The “Augmented Ledger Protocol”, a successor protocol to the great and beautiful Simple Ledger Protocol.

Rationale

SLP is an amazing token protocol. It’s used for much more than thought to be possible, e.g. self-minted tokens.

However, it also has some shortcomings:

  1. Reverse endianness: Everything in Bitcoin uses little endian, except for SLP, which consistently uses big-endian. This is a consistent footgun that SLP devs run into. ALP uses little-endian consistently as Satoshi intended.
  2. Squatty protocol: SLP takes over the entire OP_RETURN output and leaves no room for other protocols. ALP uses the eMPP protocol to allow for multiple sections of data.
  3. BigNum requirement: Despite only allowing 64-bit integers, SLP allows overflows, which often requires the usage of big num libraries, making implementations awkward. ALP forbids overflows, allowing the usage of commonly available numbers.
  4. Ghost outputs: SLP can send tokens to outputs that don’t exist. This adds unnecessary complexity to all developers, as this edge case will have to be handled by indexers and wallets.
  5. Only 1 mint baton: Sometimes it massively simplifies an implementation if multiple mint batons are allowed. SLP allows this.

Features of ALP

  1. Multi-token atomic swaps: Within a single transaction, multiple tokens can be swapped atomically.
  2. Extensible: Other protocols can append their own pushdata, which allows novel interactions with tokens.
  3. More compact: Since amounts are only 6 bytes (instead of 9), encoding is more compact and allows for more outputs under the existing 220 byte limit for OP_RETURNs.
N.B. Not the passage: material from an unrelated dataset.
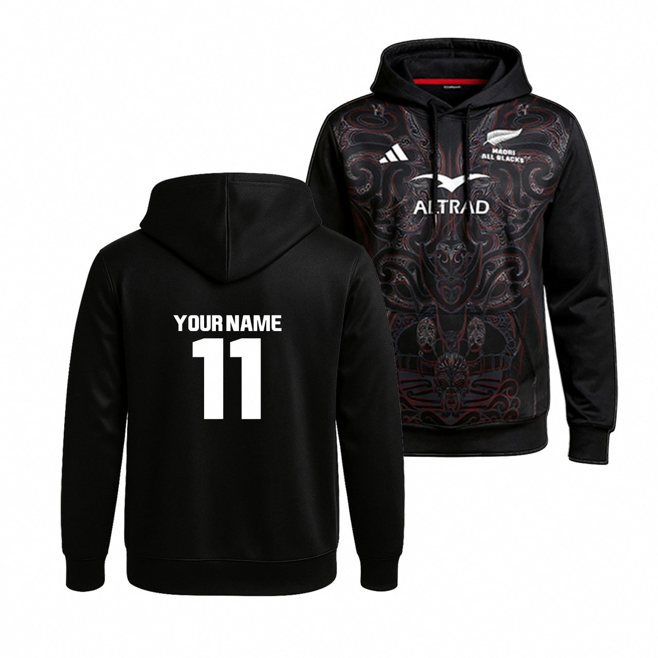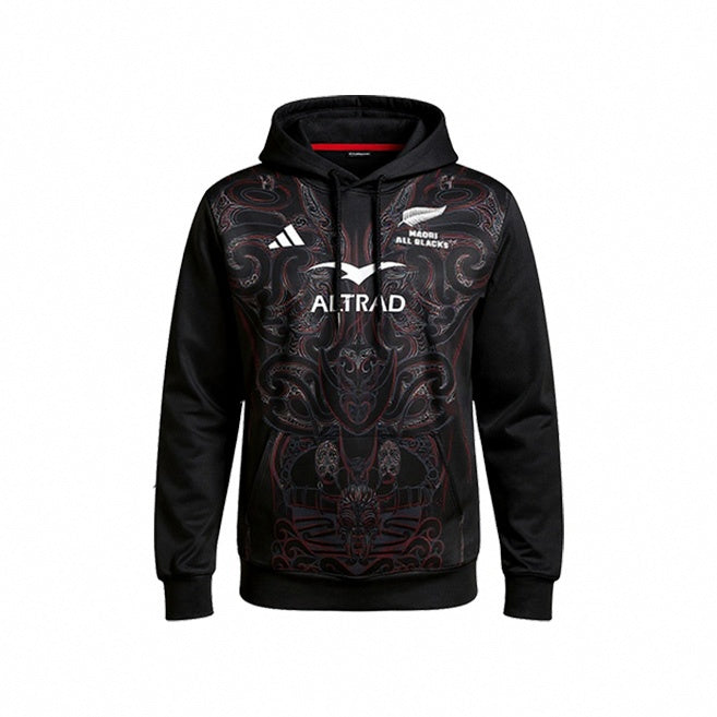 🏆 Team pride – Discreet Māori All Blacks branding complements the hoodie design.
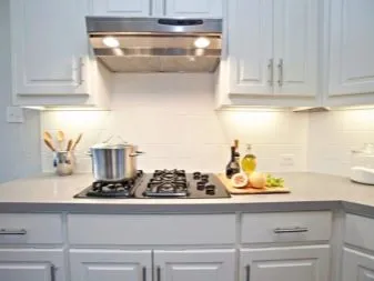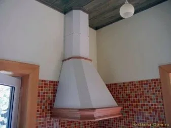а во втором (настенная кухонная вытяжка), в кожухе воздуховода над вытяжкой.

For example, while SLP only allows 19 outputs at most, ALP can have 29 outputs.
  4. Easier to implement: Despite having more features, ALP is actually easier to “get right”. By its design, it makes a lot of common SLP bugs impossible e.g. by simply leaving no space between fields. It also allows verifying amounts using only 64-bit integers and removes the requirement for 128-bit/BigNum libraries that SLP has.
  5. Double-precision-floating-point-number-friendly: Some languages only have double-precision floating point numbers (like JavaScript). In ALP, token amounts can always be represented accurately using those numbers (not in ALP).

Drawbacks

  1. Multiple tokens per transaction: While this has a lot of benefits, this also makes writing wallets, explorers etc. more difficult, as instead of having 0 or 1 token IDs per transaction, you can have a list of token IDs.
  2. Non-trivial “coloring” step: Since a ALP transaction can have many “sections”, each with their own token ID (which is not possible in SLP), indexers will have to implement “coloring”, which might be non-trivial.